# BANDS!!!



## greenheadfallon (Oct 19, 2005)

Just wondering if any of you got any bands this year and have got the info back on the bands. I personnaly haven't got any this year but are hoping to get some next weak after christmas. :beer:

greenheadfallon


----------



## Madison (Mar 1, 2002)

This is my first year living in ND and my first year without witnessing at least one band shot.. MY buddies back home ended up with 9 for the year.. not bad..


----------



## Bandcollector02 (Oct 4, 2005)

No bands for me this year  . My buddy shot a nice Canada Goose with a band though.


----------



## quackattack (Sep 27, 2003)

I witnessed 2 bands shot and I got one myself. Two of them were shot in eastern ND during the same hunt. A male and a female hatched in 2003 or earlier, both banded near Ortonville, MN. And the other was shot in Western, MN and was banded in Nebraska a few years earlier. :beer:


----------



## bandman (Feb 13, 2006)

got a banded greenie opening day and a double banded lesser midway through the season. (first time ever making money while hunting, lol) 
i dont know if im lucky or what the deal is but i'm 22 and have shot 12 banded birds, gave one to my buddy that got his stole, and lost 3 that somehow disappeared with my calls and landyard. so should have 16 but im not complaining. 
bands have a funny way to get me going that extra half hour early, take off school/work, or get me out in the rain/snow that much easier.

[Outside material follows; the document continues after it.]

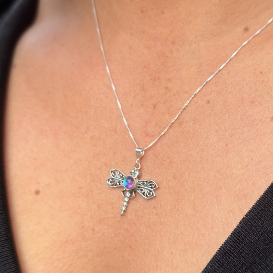 Adorned with a stunning 5mm stone, this pendant adds a subtle pop of color and sparkle, making it a lovely accessory for any outfit. Whether you're dressing up for a special occasion or adding a touch of whimsy to your everyday look, the Small Dragonfly Pendant is a versatile choice that enhances your style.

my name is jordan hermanson and i'm a "bandoholic"


----------



## Triple B (Mar 9, 2004)

Hey bandman, didn't I shoot 8 of those banded birds????? I always said it must have been you cuz I didn't want you to feel bad.

shot a triple banded coot last fall, and a really nice banded whooping crane!


----------



## bandman (Feb 13, 2006)

hahaha, your a freakin riot. we wont tell anyone about that 5 banded bald eagle that tried to steal our dead ducks in the dekes. (alliteration) thought the damn thing was going to go for my eyeballs!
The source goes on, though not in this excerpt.